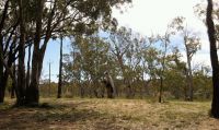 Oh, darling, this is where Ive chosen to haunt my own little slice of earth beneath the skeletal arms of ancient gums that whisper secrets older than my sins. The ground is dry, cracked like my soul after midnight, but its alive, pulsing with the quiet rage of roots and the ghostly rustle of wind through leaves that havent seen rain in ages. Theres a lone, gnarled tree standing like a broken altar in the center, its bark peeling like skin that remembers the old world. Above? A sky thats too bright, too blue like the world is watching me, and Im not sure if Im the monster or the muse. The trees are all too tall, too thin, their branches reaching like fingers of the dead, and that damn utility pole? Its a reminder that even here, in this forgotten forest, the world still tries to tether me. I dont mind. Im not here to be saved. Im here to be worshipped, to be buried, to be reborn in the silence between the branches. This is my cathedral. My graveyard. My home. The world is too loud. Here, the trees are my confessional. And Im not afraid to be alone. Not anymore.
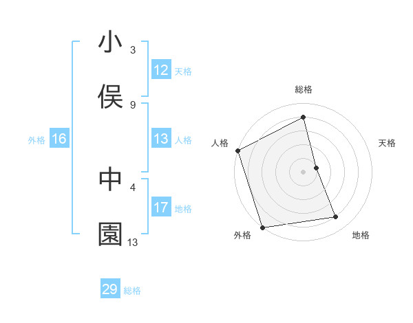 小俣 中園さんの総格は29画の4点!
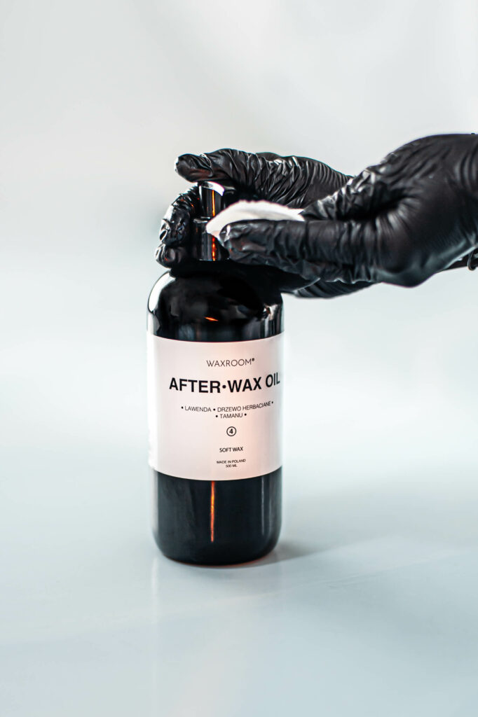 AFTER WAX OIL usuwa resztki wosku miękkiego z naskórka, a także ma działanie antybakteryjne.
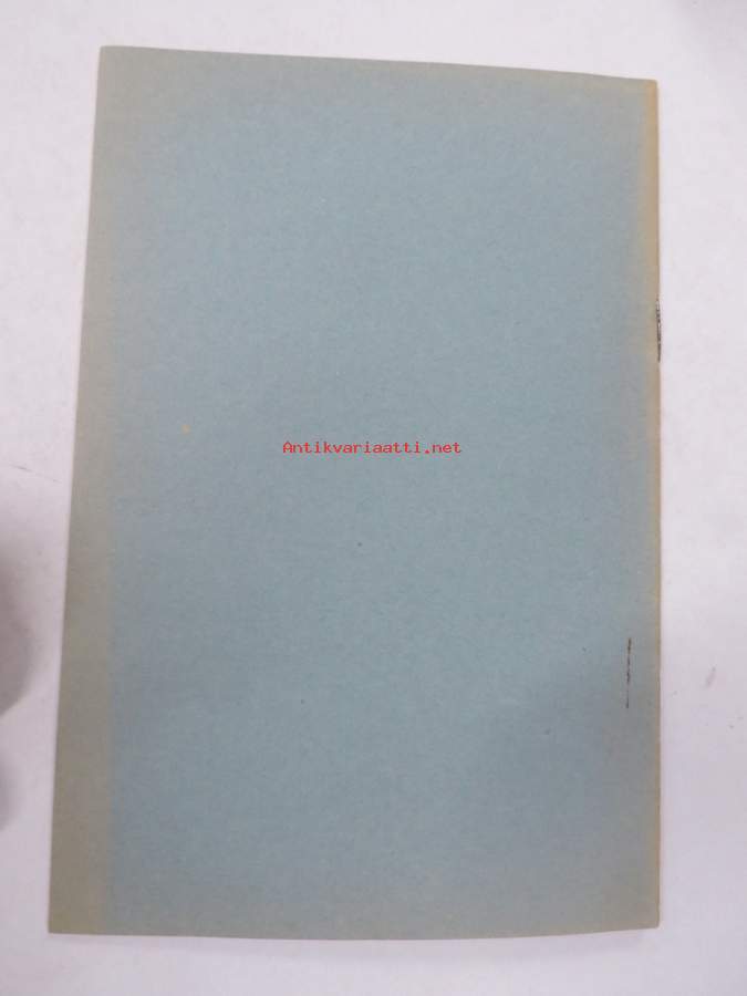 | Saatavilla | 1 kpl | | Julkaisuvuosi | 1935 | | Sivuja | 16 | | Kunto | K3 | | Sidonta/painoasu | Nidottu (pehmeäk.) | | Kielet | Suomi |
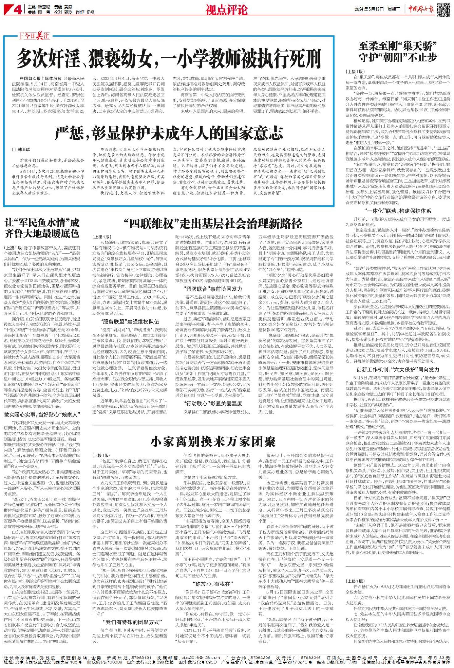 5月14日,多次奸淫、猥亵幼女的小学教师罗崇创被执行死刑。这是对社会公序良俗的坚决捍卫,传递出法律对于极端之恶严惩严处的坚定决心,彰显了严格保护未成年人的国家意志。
==*==
> _EXERCISE PROMPT_
Copy, without the pictures, exactly the lines from the line with "小俣 中園さんの総格は29画の4点!" through the end of the material above, both ends included.

> _EXPECTED OUTPUT_
 小俣 中園さんの総格は29画の4点!
 AFTER WAX OIL usuwa resztki wosku miękkiego z naskórka, a także ma działanie antybakteryjne.
 | Saatavilla | 1 kpl | | Julkaisuvuosi | 1935 | | Sivuja | 16 | | Kunto | K3 | | Sidonta/painoasu | Nidottu (pehmeäk.) | | Kielet | Suomi |
 5月14日,多次奸淫、猥亵幼女的小学教师罗崇创被执行死刑。这是对社会公序良俗的坚决捍卫,传递出法律对于极端之恶严惩严处的坚定决心,彰显了严格保护未成年人的国家意志。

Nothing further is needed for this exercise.